But any reduction in coal in the east is most likely to be accompanied by increased use in the west, where a number of provinces have big plans to develop their coal reserves.

Highest on their priority list are projects to turn coal into gas and liquid fuels. Wood Mackenzie, a consultancy, estimates that proposed conversion projects account for about 800m tons a year in coal demand; those projects that are already approved make up about 180m tons a year. Ironically, a natural gas price rise this year, intended to spur more gas production and reduce losses by state-owned importers, has made gas consumers more interested in coal conversion investments.

. . .

Overall, China’s economy is still forecast to grow more than 7 per cent this year, which implies a rise in absolute tonnage of coal consumed for the foreseeable future.

Many analysts and coal suppliers reject the idea that “peak coal” is approaching China and say in any case other Asian economies, such as India, will increase their demand for many more years. “Growth will be lower but it is still going to grow and we just do not see peak coal. We have really aggressive capacity increases in gas and renewables and nuclear and [even so] we still see coal growing until 2030,” says Andy Roberts of Wood Mackenzie.
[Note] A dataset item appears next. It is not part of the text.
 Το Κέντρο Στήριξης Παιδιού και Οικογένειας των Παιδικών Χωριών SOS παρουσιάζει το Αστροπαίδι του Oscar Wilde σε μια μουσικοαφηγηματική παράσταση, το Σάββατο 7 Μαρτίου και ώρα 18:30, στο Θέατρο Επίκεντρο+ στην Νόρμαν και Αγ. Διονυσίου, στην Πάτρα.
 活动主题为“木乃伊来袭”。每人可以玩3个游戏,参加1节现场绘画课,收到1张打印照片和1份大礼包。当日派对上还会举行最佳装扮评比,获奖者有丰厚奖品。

Godfrey Gomwe, chief executive of thermal coal at Anglo American, says: “Our view is that Chinese and Indian coal demand will grow at a compound annual growth rate of about 3.9 per cent up to 2020, and then a slightly lower rate up to 2030. It will still remain a good story. We see more upside than downside in China.”

A crucial variable, according to mining analysts at EY, is China’s capacity to develop its own large shale gas reserves. Mr Gomwe, however, believes shale gas in China will be less important than in the US. “They do not have the infrastructure and the gas is a long way from the market and very deep. A number of factors conspire against a shale gas boom in China,” he says.
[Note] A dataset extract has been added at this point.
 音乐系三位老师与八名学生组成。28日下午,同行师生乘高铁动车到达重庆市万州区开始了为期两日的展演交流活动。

Goldman Sachs forecasts that seaborne coal exports will grow only at 1 per cent until 2017, and could peak in 2020, compared with the 7 per cent growth enjoyed from 2007-12.

It points to a tighter battle for exports, especially as US producers increasingly focus on selling abroad to try to compensate for the depressed domestic market.

“There are several US coal basins that are looking to export markets as their saving grace,” says Wood Mackenzie’s Mr Roberts.

Mr Eaves of Arch Coal adds: “You are going to see the US participate in a much more strategic way.”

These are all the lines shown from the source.